= Gorgias (dialogue) =

Socratic dialogue by Plato

Gorgias (/ˈɡɔrɡiəs/; Γοργίας /grc/) is a Socratic dialogue written by Plato around 380 BC. The dialogue depicts a conversation between Socrates and a small group at a dinner gathering. Socrates debates with self-proclaimed rhetoricians seeking the true definition of rhetoric, attempting to pinpoint the essence of rhetoric and unveil the flaws of the sophistic oratory popular in Athens at the time. The art of persuasion was widely considered necessary for political and legal advantage in classical Athens, and rhetoricians promoted themselves as teachers of this fundamental skill. Some, like Gorgias, were foreigners attracted to Athens because of its reputation for intellectual and cultural sophistication. Socrates suggests that he (Socrates) is one of the few Athenians to practice true politics (521d).

==Dramatis personae==

- Socrates
- Gorgias
- Polus
- Callicles
- Chaerephon

==Major themes==

===Definition of rhetoric===
Socrates interrogates Gorgias to determine the true definition of rhetoric, framing his argument in the question format, "What is X?" (2). He asks, "… why don't you tell us yourself what the craft you're an expert in is, and hence what we're supposed to call you?" (449e).

Throughout the remainder of the dialogue, Socrates debates about the nature of rhetoric. Although rhetoric has the potential to be used justly, Socrates believes that in practice, rhetoric is flattery; the rhetorician makes the audience feel worthy because they can identify with the rhetorician's argument.

===The question of techne: art vs. knack===
Socrates and Polus debate whether rhetoric can be considered an art. Polus states that rhetoric is indeed a craft, but Socrates replies, "To tell you the truth, Polus, I don't think it's a craft at all" (462b). The dialogue continues:

"POLUS: So you think oratory's a knack?

"SOCRATES: Yes, I do, unless you say it's something else.

"POLUS: A knack for what?

"SOCRATES: For producing a certain gratification and pleasure." (462c)

Socrates continues to argue that rhetoric is not an art, but merely a knack that "guesses at what's pleasant with no consideration for what's best. And I say that it isn't a craft, but a knack, because it has no account of the nature of whatever things it applies by which it applies them, so that it's unable to state the cause of each thing" (465a).

===The morality of rhetoric===
Socrates discusses the morality of rhetoric with Gorgias, asking him if rhetoric was just. Socrates catches the incongruity in Gorgias' statements: "well, at the time you said that, I took it that oratory would never be an unjust thing, since it always makes its speeches about justice. But when a little later you were saying that the orator could also use oratory unjustly, I was surprised and thought that your statements weren't consistent" (461a). To this argument, Gorgias "… is left wishing he could respond, knowing he cannot, and feeling frustrated and competitive. The effect of the 'proof' is not to persuade, but to disorient him".
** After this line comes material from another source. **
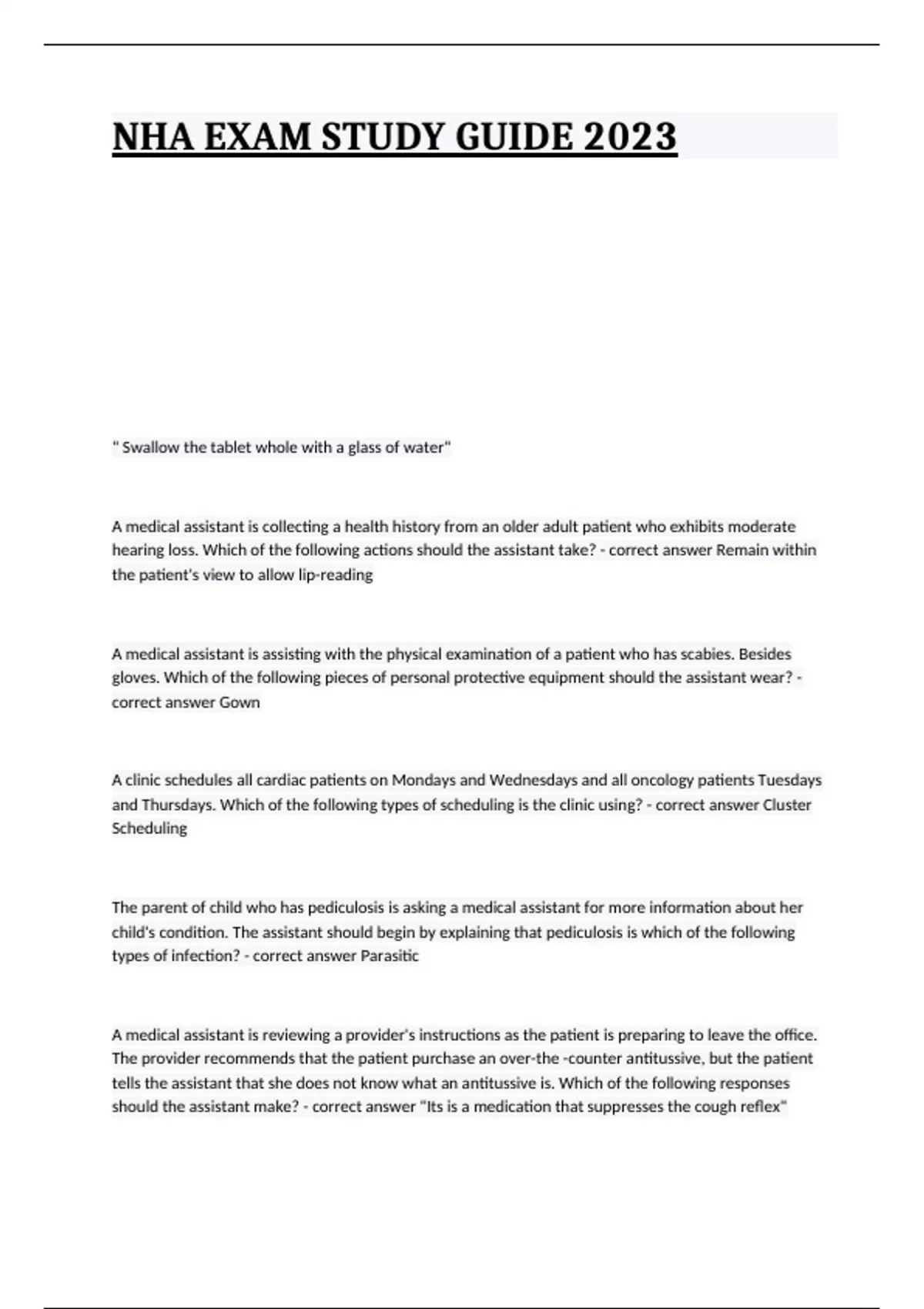 NHA EXAM STUDY GUIDE 2023 " Swallow the tablet whole with a glass of water" A medical assistant is collecting a health history from an older adult patient who exhibits moderate hearing loss. Which of the following actions should the assistant take? - correct answer Remain within the patient's view to allow lip-reading A medical assistant is assisting with the physical examination of a patient who has scabies. Besides gloves. Which of the following pieces of personal protective equipment should the assistant wear? - correct answer Gown A clinic schedules all cardiac patients on Mondays and Wednesdays and all oncology patients Tuesdays and Thursdays. Which of the following types of scheduling is the clinic using? - correct answer Cluster Scheduling The parent of child who has pediculosis is asking a medical assistant for more information about her child's condition. The assistant should begin by explaining that pediculosis is which of the following types of infection? - correct answer Parasitic A medical assistant is reviewing a provider's instructions as the patient is preparing to leave the office. The provider recommends that the patient purchase an over-the -counter antitussive, but the patient tells the assistant that she does not know what an antitussive is. Which of the following responses should the assistant make? - correct answer "Its is a medication that suppresses the cough reflex" When performing the palpatory method for obtaining blood pressure, which of the following indicates the level at which the medical assistant should inflate the cuff? - correct answer 30mm Hg above the radial pulse cessation A first time patient is late arriving to the office. Which of the following should the medical assistant say first? - correct answer " Hello, Welcome to our office" A medical assistant is administering an intramuscular immunization to a patient. Which of the following actions should the assistant take? - correct answer Cleanse the site in a circular motion from the center outward. A medical assistant is explaining a venipuncture procedure to a patient. Which of the following statements should the assistant take? - correct answer "I'll be collecting a blood sample from you today, There will be a small stick in your arm" A medical assistant is examining the skin on a patient's forearm where the patient reports developing a rash. The assistant notes multiple solid elevations that are less than 0.5 cm (0.2) in diameter. Which of the following terms should he use to document his observations in the patient's medical record? - correct answer Papules A patient tells a medical assistant that his provider's office is incompetent, as there is no improvement in his condition. Which of the following is an appropriate response for the assistant to make? - correct answer " I think that you feel that your treatment is not effective" A medical assistant is assisting a provider with an abdominal examination. When the provider palpates the major portion of the liver, the assistant should recognize that he is palpating which of the following abdominal quadrants? - correct answer Right Upper A patient is seen in an urgent care center for a laceration to the foot. The provider evaluates the injury, determines sutures are not needed, applies a dressing and release the patient. Which of the following levels of examinations should a medical assistant use for the procedural coding for this visit? - correct answer Problem-focused examination Which of the following information should a medical assistant enter into the appointment calendar when scheduling a patient for skin rash? - correct answer Daytime phone number A medical assistant discovers a garbage can fire has started in the back room of the medical office according to RACE acronym for emergency responses, which of the following actions should the assistant take first? - correct answer Evacuate staff and patients from the immediate area A medical assistant is encouraging her patient to increase her intake of insoluble fiber to help prevent constipation and hemorrhoids . Which of the following foods should the assistant recommend as the best food for insoluble fiber? - correct answer Pears with skin A medical assistant is preparing a patient who has congestive heart failure (CHF) for an examination by the provider. Which of the following manifestion should the assistant expect. - correct answer Shortness of breath A medical assistant is discussing information with a patient about a new medication that the provider prescribed. Which of the following actions should the assistant take? - correct answer Reinforce teaching about the frequency of medication administration

Socrates believes that rhetoric alone is not a moral endeavour. Gorgias is criticised because, "he would teach anyone who came to him wanting to learn oratory but without expertise in what's just …" (482d). Socrates believes that people need philosophy to teach them what is right, and that oratory cannot be righteous without philosophy.

===Truth===
Socrates continually claims that his methods of questioning are aimed at discovering the truth. He sarcastically compliments Callicles on his frankness because it helps expose the truth about oratory: "I well know that if you concur with what my soul believes, then that is the very truth. I realize that the person who intends to put a soul to an adequate test to see whether it lives rightly or not must have three qualities, all of which you have: knowledge, goodwill, and frankness." (487a). Truth can be found through deliberation with others, relaying to one another the knowledge in one's soul to come to a conclusion about each other's beliefs.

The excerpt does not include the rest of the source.